For effectively losing belly fat, one need to follow a proper diet and exercise schedule. Do alternative workout like 3 days weight training to strengthen your muscle and 3 days high-intense cardio cum functional training. Also while cool down during the weight training include 3–4 core muscle workouts too. After your 2–3 major meals go for at least 15–20 minutes brisk walking or climb staircase. The pattern of your workout should be changed every month as your body gets habitual to one kind of workout.

Secondly, take small and frequent meals with low carbohydrate, low fat, high fiber and high protein diet; i.e take more of salads, sprouts, whole fruits along with the skin, multigrain cereals instead of refined cereals like oats,millet, whole pulses, boiled egg white, steamed/roasted/grilled chicken etc.

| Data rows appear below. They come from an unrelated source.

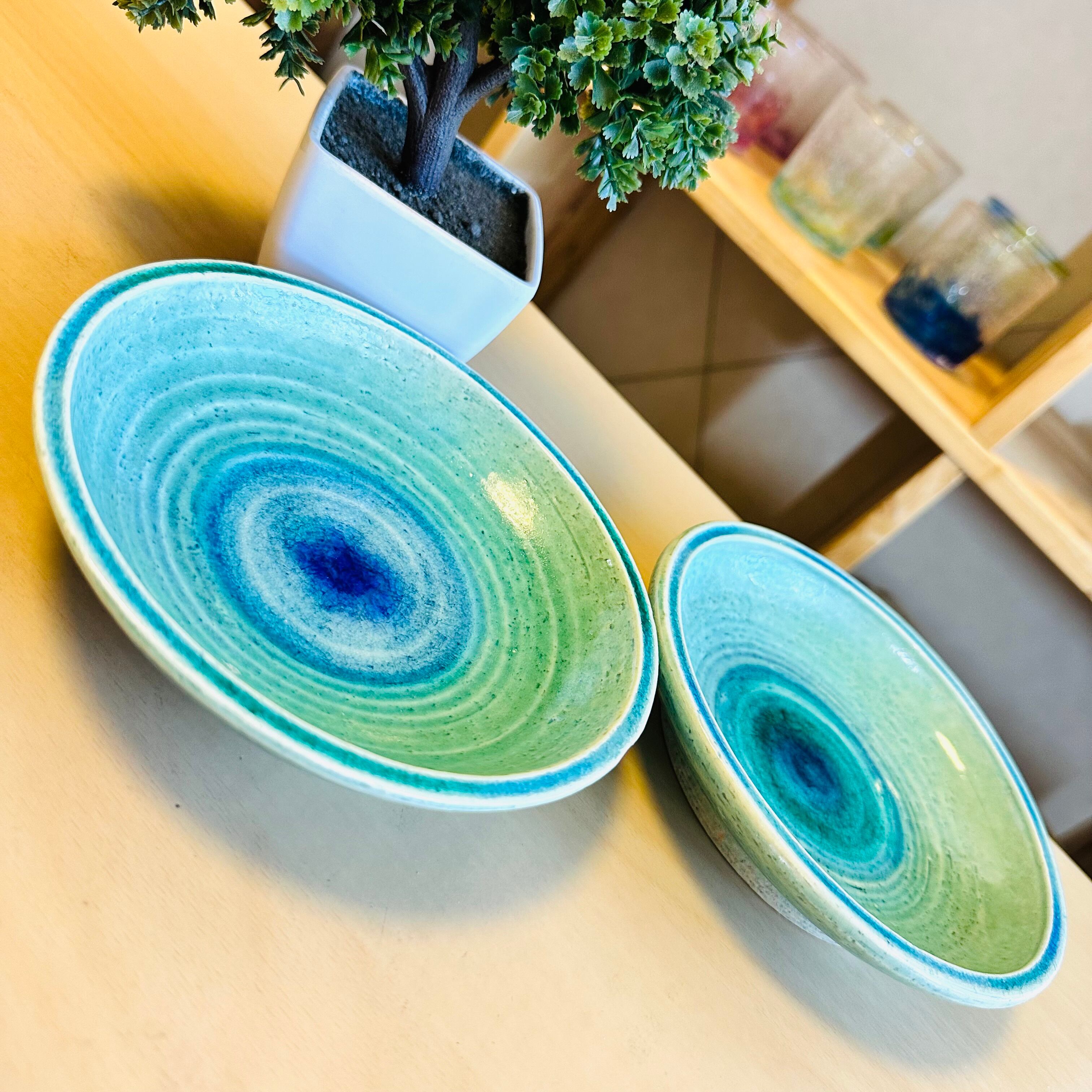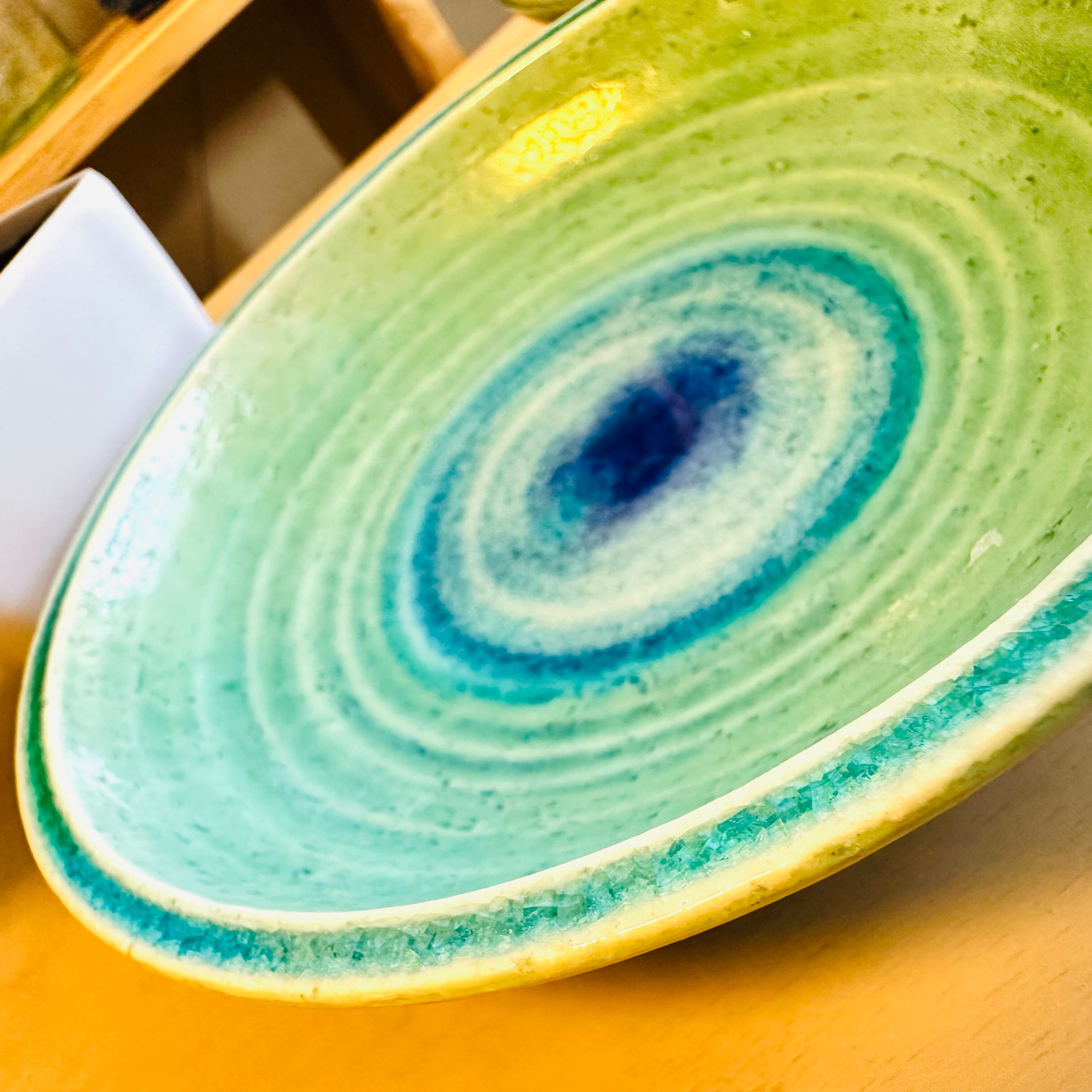 工房にて、陶芸家が一つ一つ手づくりで制作しているため、全てのアイテムに個性があり、2つとして同じものはできない、大量生産も通販も行われていない、あなただけの「ガラス彩陶器」、あなただけの新しい沖縄をB-Blueと風の島がお届けします。
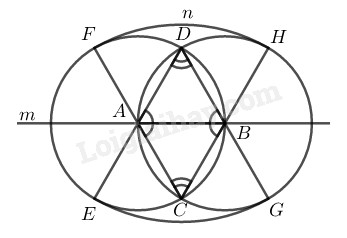 – Vẽ cung tròn tâm \(C\) bán kính \(6 cm\) cắt đường tròn \((A)\) và \((B)\) tại \(F\) và \(H\)
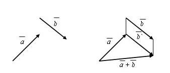 Пусть есть произвольные векторы a и b. Надо от конца вектора a отложить вектор b`, равный вектору b. Тогда вектор, начало которого совпадает с началом вектора a, а конец совпадет с концом вектора b`, будет суммой a + b.
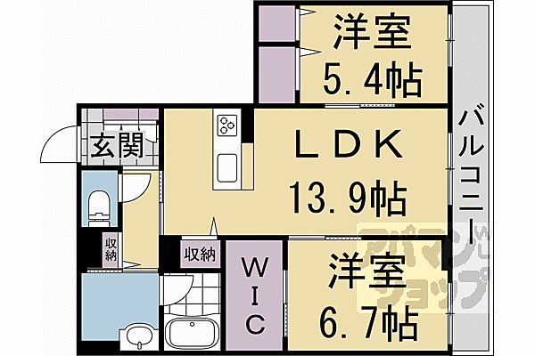 京都市西京区下津林北浦町 アパート 2LDK/2階

Below are some healthy weight loss tips to be kept in mind.

  • One should sleep for at least 6-8 hours a day until your body feels stress-free as stress induces the production of cortisol which in turns produces enzymes supporting fat production in the body. Hence a proper sleep is very much required for maintaining your weight.
  • Never skip your breakfast. Breakfast is a healthy meal to start-up your day as it gives a kick to your metabolism.
  • Lunch should be moderate whereas dinner should be very light with more of protein and fiber along with home-made soups.
  • Mid-meal snacks should be pre-planned and should be healthy so as to help you curb your unhealthy cravings.
  • Take less sugar, salt, spices in your diet.
  • Cheating a meal should be done once in a week so that you don’t crave for the unhealthy and your brain will be well-balanced.
  • Don’t take fruits as a complete meal.
  • Keep yourself hydrated with atleast 4–5 liters of fluids in a day. One can include plain lemon water, tender coconut water, buttermilk, detox waters, detox juices, etc.
  • Early morning should be started with any detox water instead of taking tea or coffee.
  • Avoid packaged and processed foods as much as you can.
  • You need not avoid ghee at all, but avoid taking ghee more than 1–2 tsp a day (varies as per the medical conditions). Moreover fried and junk foods like pizza, burgers and anything made of refined flour is something to be restricted.

Be always a smart selector while filling up your plate.And always keep a check on how and what you eat. How it’s prepared and is it healthy or not.